By M.E. SPRENGELMEYER
Scripps Howard News Service
May 31, 2007
"If I'm the Democratic nominee, I'll eat them alive," Gravel declared in an online chat with the Rocky Mountain News this week.
In the race to win the nomination at the Democratic National Convention in Denver, Gravel is perhaps the longest of long-shots. But he has not stopped making noise since his bombastic appearance at a televised debate last month.
It was there that he declared that some of his presidential rivals "frighten me" for saying all options remain on the table when it comes to dealing with Iran and its nuclear ambitions.
Gravel, 77, has been an anti-war activist since the Vietnam era, when he fought to end the military draft and played a controversial role in publicly disclosing the Pentagon Papers.
These days, he and another long-shot, Rep. Dennis Kucinich, D-Ohio, are the two Democrats making the most fierce anti-war statements.
In Wednesday's online interview, Gravel blasted four rivals who currently serve in the U.S. Senate - Sens. Hillary Rodham Clinton of New York, Barack Obama of Illinois, Chris Dodd of Connecticut and Joe Biden of Delaware - saying they have the power to end the U.S. occupation but choose symbolic resolutions instead.

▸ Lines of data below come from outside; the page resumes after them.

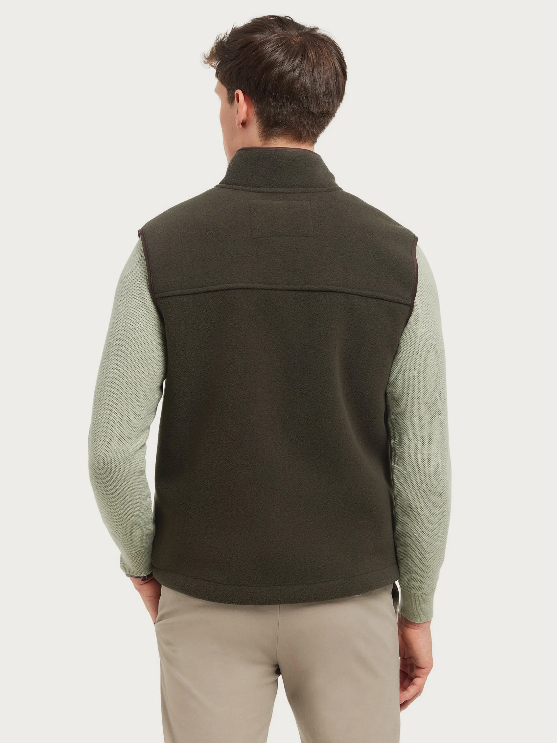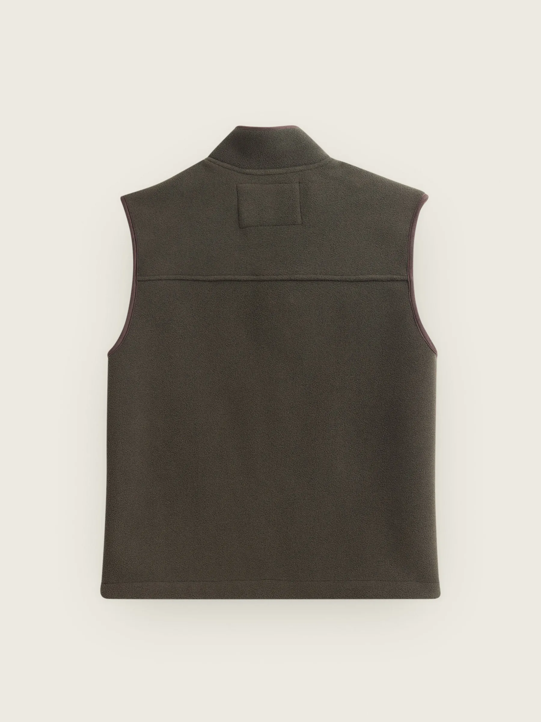 Chaleco confeccionado en tejido avivado en antelina en su exterior y forrado en su interior en borreguillo. Cuenta con cierre central mediante cremallera personalizada, dos bolsillos en su exterior y logo grabado en su frontal. Corte regular fit.
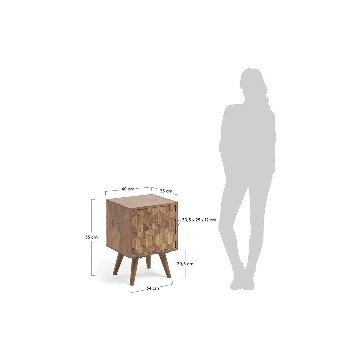 Hoe je bed ook staat je zult altijd willen dat de Khaleesi dichtbij is. Een nachtkastje van massief acaciahout met een uniek ontwerp, geïnspireerd op de zichtbare geometrische vormen die in het hout zijn uitgehouwen om diepte te creëren.
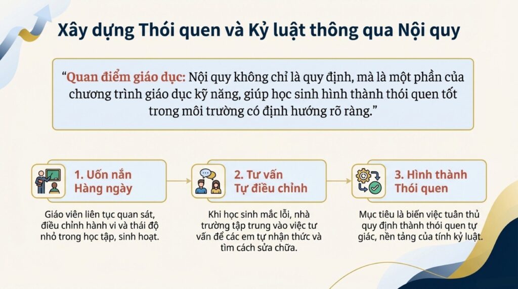 Trong hành trình trưởng thành, việc mắc lỗi là điều khó tránh khỏi. Điều quan trọng là các em học được cách đối diện và chịu trách nhiệm. Quy trình xử lý vi phạm của nhà trường được xây dựng dựa trên sự thấu hiểu:
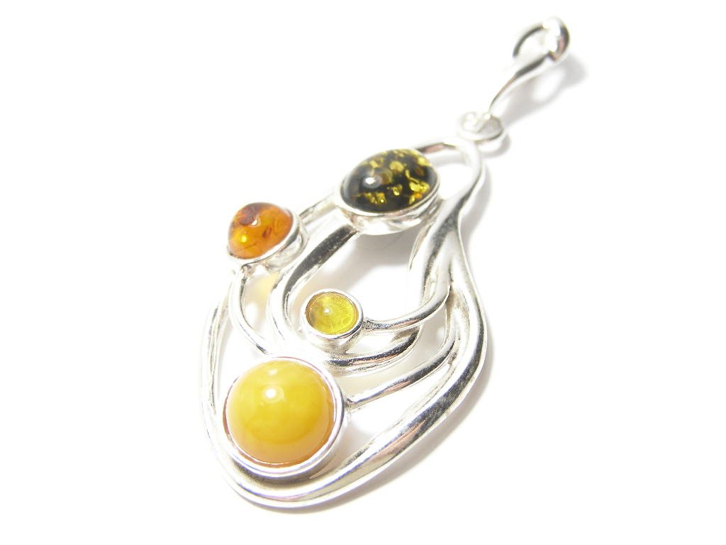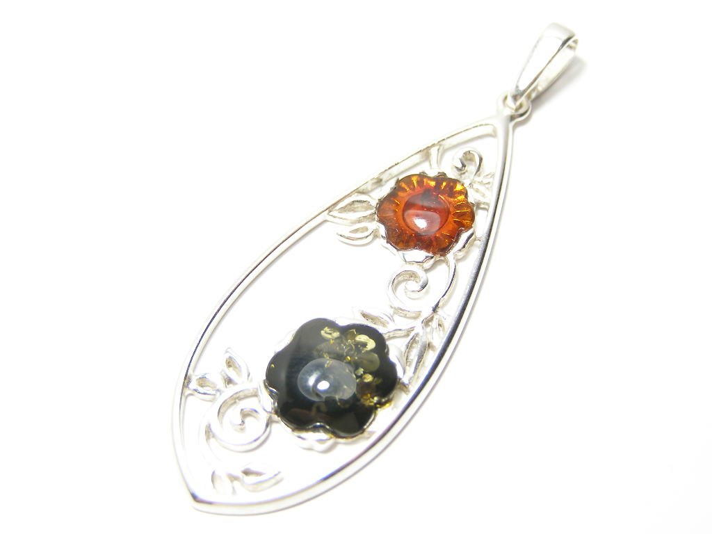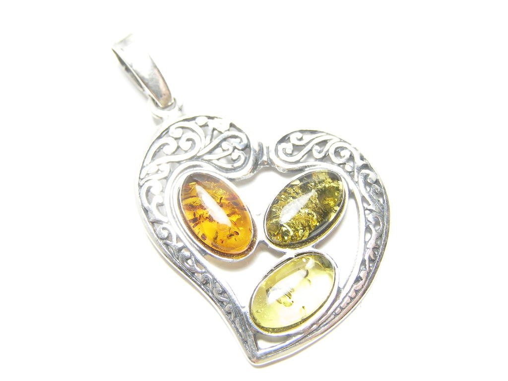 Stříbrný přívěsek srdce s jantary v krásné starostříbrné obrubě, délka vč.závěs.ouška 38mm, šířka 26mm.
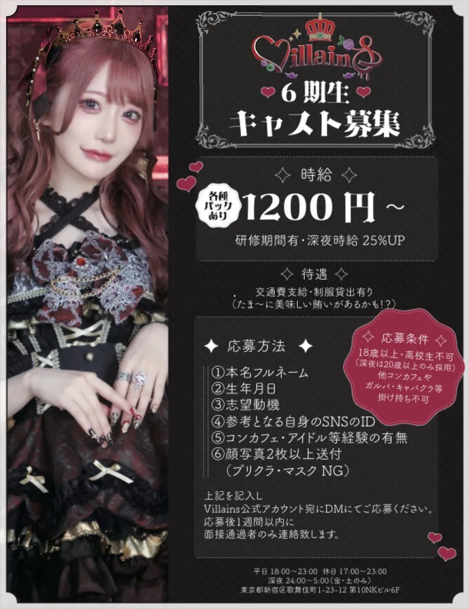 🎀Villains 6期生キャスト・内勤募集🎀 ヴィランズでは本日より 一緒に働いてくれる仲間を募集します💫 今回は内勤さんも同時募集◎ コンカフェが好きな方、コンカフェから色々活動していきたい方、もう一度働きたい!という方もどしどしご応募下さい✨ #コンカフェ #新宿コンカフェ pic.x.com/VQf9SdbQvR
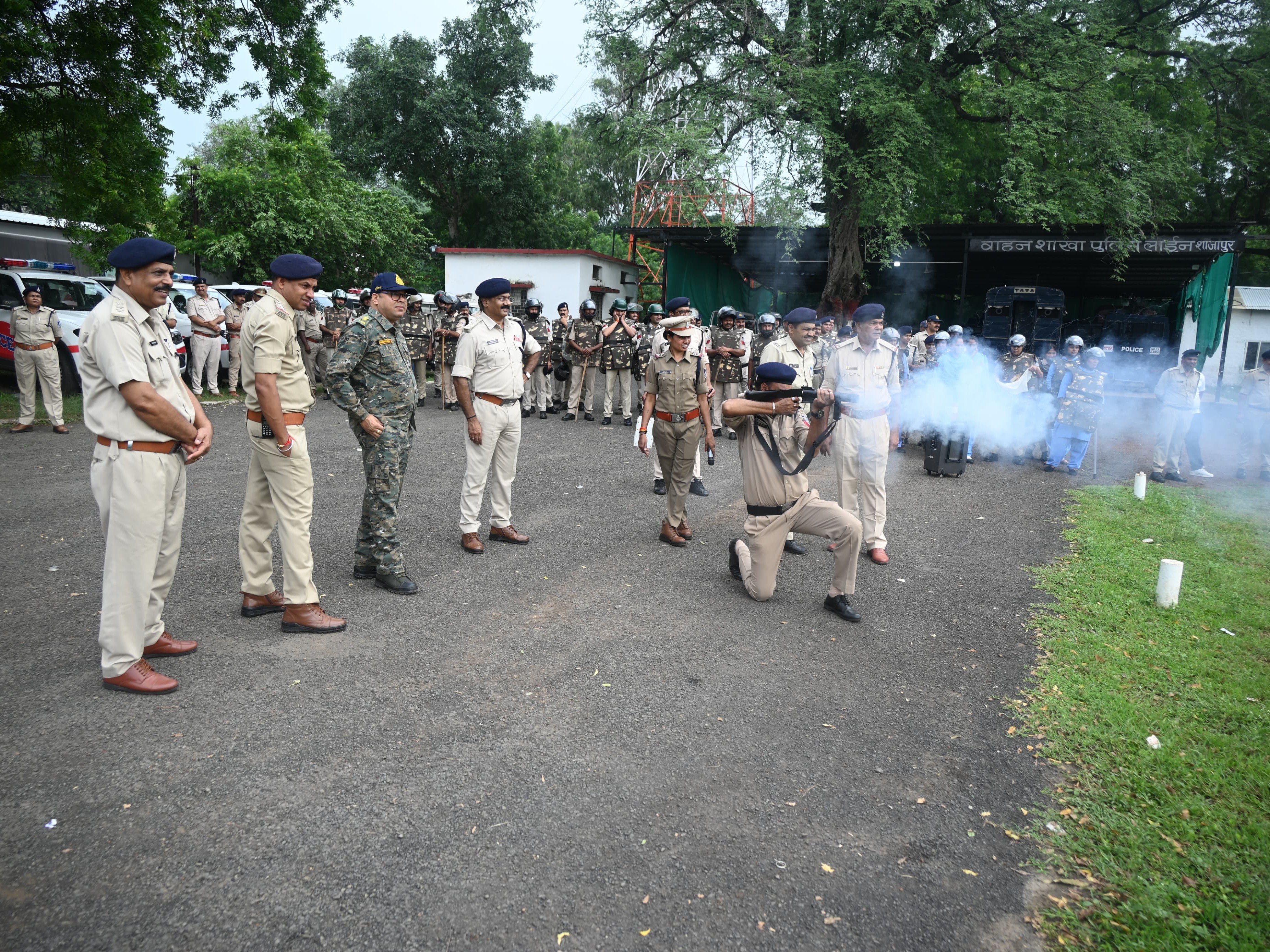 इनमें अश्रु गैस पार्टी, कैन पार्टी, लाठी पार्टी, राइफल पार्टी और रिजर्व पार्टी शामिल थीं। परेड के बाद पुलिस कर्मियों को अश्रु गैस सेल, टियर गैस सेल और हैंड ग्रेनेड के संचालन का प्रशिक्षण दिया गया। पुलिस बल ने संयोजन और त्वरित प्रतिक्रिया का प्रदर्शन किया।
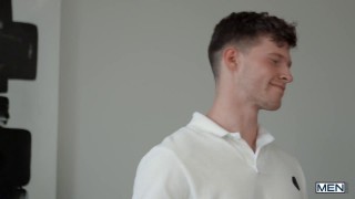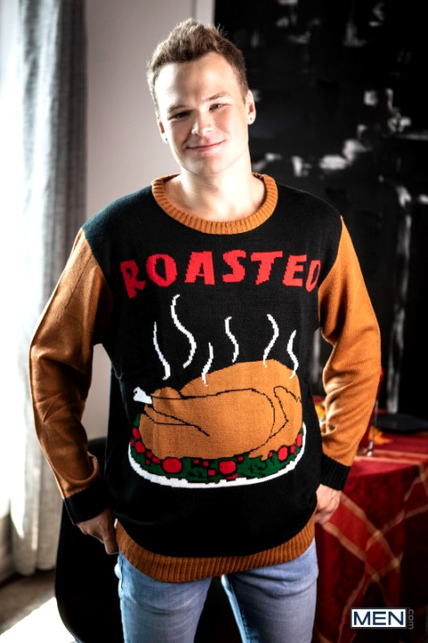Throuple Finn Harding, Brent North, and Alex Montenegro are trying to host the best Thanksgiving dinner ever, until it turns out their oven is broken! While Alex races to repair the appliance, Finn is enticed by the sight of his man's ass to fuck him doggystyle on the kitchen floor! Brent hears his boyfriends getting it on and watches as Finn puts Alex on a kitchen cart and fucks him missionary, then calls them to the table where he's waiting, naked and ready to get filled! Alex penetrates Brent's hole as Finn fucks his mouth, then the guys switch spots, making sure this horny bottom is well and truly stuffed. Alex trusses Brent's wrists as they double team him "turkey style." Alex cums all over Brent's face, and Finn finishes with a creampie. - ''Stuffed For The Guests Part 1'' #drillmyhole #men
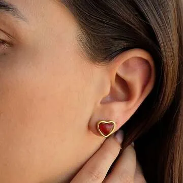 Show more Discover the enchanting beauty of our Carnelian Crystal Heart Earrings, designed with love and crafted for elegance. Made with high-quality stainless steel and beautifully finished with 18k gold filled, these earrings are not only appealing but also nickel-free and waterproof, ensuring comfort for everyday wear. Each exquisite earring features an elegant natural carnelian stone, known for its vibrant red hue and meaningful attributes, making these heart earrings a perfect blend of fashion and significance.
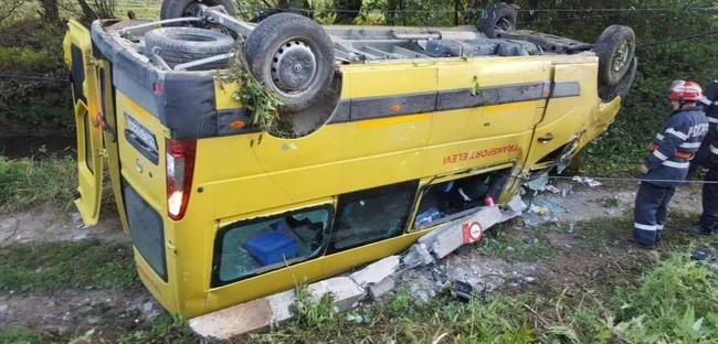 Detalii ciudate au ieşit la iveală după accidentul produs cu microbuzul şcolar de un bărbat de 70 de ani. Şoferul, care ar fi aţipit la volan, s-a răsturnat cu maşina plină de elevi într-o râpă, iar patru minori au avut de suferit.

"That's politics as usual of the worst kind," Gravel said. "People are dying daily and all they can do is get a symbolic vote that makes them look good politically."
Last week, Obama, Clinton and Dodd all voted against a war-funding bill because it did not include a time-table for U.S. troops to leave Iraq. Biden supported the resolution, saying it was critical to continue supporting the soldiers in harm's way.
"As long as there are troops who are in a position where, if we don't fund them they are going to be hurt, I'm not going to cut off funding," Biden said while campaigning in Iowa on Tuesday, according to the Des Moines Register.
Gravel has been harshly critical of all congressional Democrats, saying that if he were in the Senate he would push for a vote to stop the war every single day until enough Democrats and Republicans agreed to over-ride a threatened presidential veto.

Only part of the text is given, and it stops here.